Patients can also request testing for beta-thalassemia trait outside of antenatal screening. This can be requested through their GP surgery or some SCT centres allow patients to self-refer directly. This is available for both male and female patients and may be useful for patients who have a family history of thalassemia or who already know their partner has thalassemia.
In beta-thalassemia trait, FBC will show a microcytic anaemia, with:
- Normal to moderately low Hb
- Low MCH, usually 19-23 pg
- Low MCV, usually 60-70 fL
Haemoglobin electrophoresis with hemoglobin F and A2 quantitation is used to make a diagnosis of beta-thalassemia trait. Levels of haemoglobin alpha 2 gene (HbA2) are higher in beta-thalassemia carriers, at 3.6-7%, whereas in an unaffected patient, HbA2 levels are between 2.2-3.2%.
Possible differential diagnoses:
- Iron deficiency anaemia :
- Similarities: microcytic anaemia (low Hb, low Hct)

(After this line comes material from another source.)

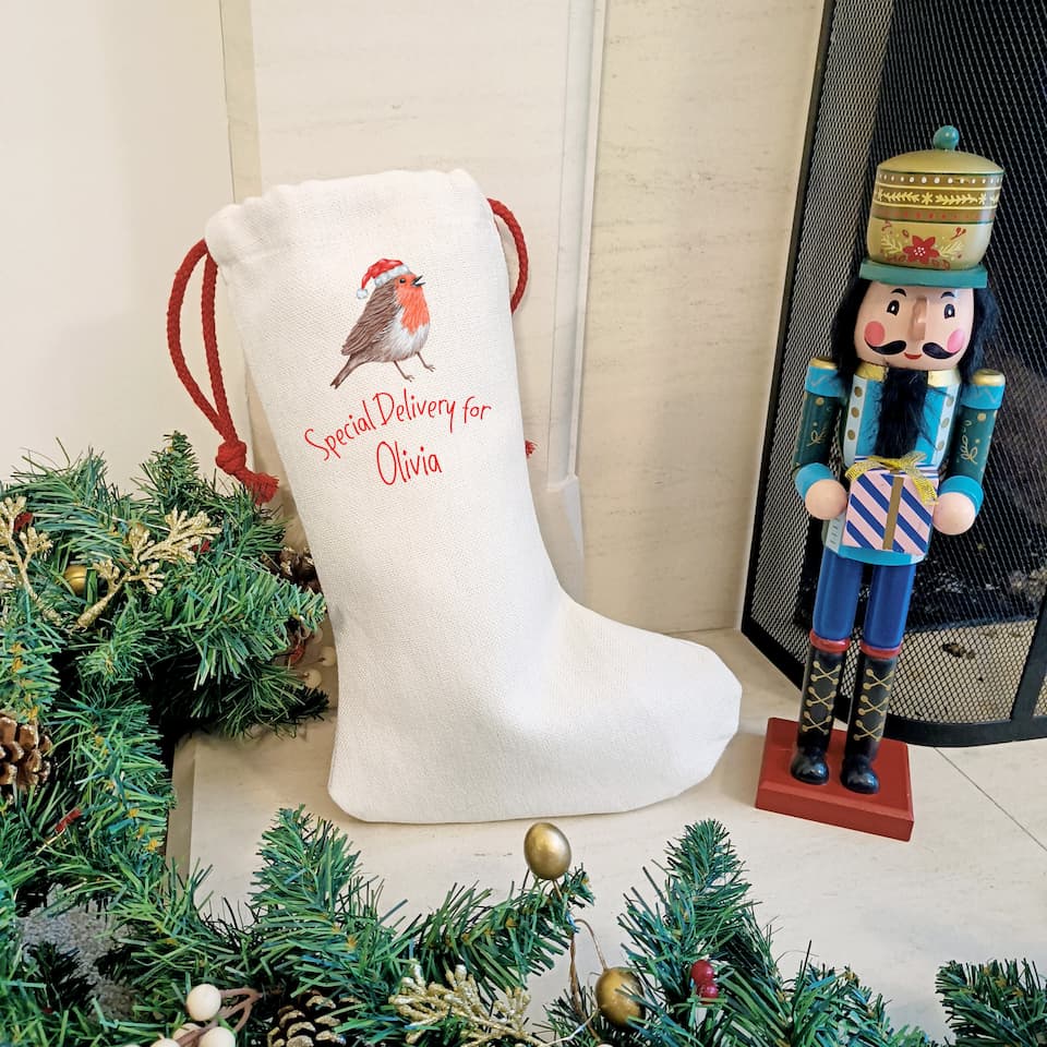 Give the gift of personalised holiday cheer with our Robin Christmas stocking! This unique stocking can be customised for a truly special delivery from Father Christmas. Perfect for those who appreciate a touch of uniqueness and fun in their Christmas décor.

- Differences: acquired condition, due to lack of iron. No structural abnormality. Normal levels of HbA2
- Beta-thalassemia major :
- Similarities: same genetic mutation on HBB gene on chromosome 11
- Differences: homozygous for mutation. More likely to be symptomatic, requiring medical intervention. Shortened life expectancy
- Sickle cell disease :
- Similarities: autosomal recessive haemoglobinopathy that presents as anaemia. Both are tested for in pregnancy. If patient who is carrier for beta thalassemia or sickle cell has a child with a partner who is another haemoglobinopathy carrier, can cause hereditary complications.
- Differences: Sickle cell disease is caused by abnormal haemoglobin S formation. Sickle cell disease has significant complications including painful sickle cell crises and thromboembolism. Anaemia in sickle cell disease tends to be far more severe. Sickle cell disease is tested as part of neonatal heel prick. Different aetiology as sickle cell disease is now more common in patients from African and Caribbean backgrounds.
If there are concerns about symptomatic anaemia, ferritin levels should be checked to assess whether iron supplementation is required or safe.
- If ferritin levels are low, start iron supplementation
- If ferritin levels are normal, patients should be advised not to take iron supplements due to the risk of iron overload and the lack of therapeutic benefit
The government-run Sickle Cell and Thalassemia (SCT) Screening Programme recommends genetic counselling and paternal/partner screening in patients with beta-thalassemia trait.
As well, RCOG Green-top Guidelines recommend that if the male partner of a patient with thalassemia is a carrier of any haemoglobinopathy (including having beta-thalassemia trait itself) that could adversely interact with the female partner's genotype, genetic counselling should be offered.
- Commence iron supplementation if there is evidence of iron deficiency,
- If there is no iron deficiency, do not start iron supplements, as otherwise there is a risk of iron overload.
It is important to reassure patients that beta-thalassemia trait will not progress to beta-thalassemia.
Although referral for genetic counselling is recommended to consider risk of any offspring having thalassemia, beta-thalassemia trait does not affect a patient's ability to conceive.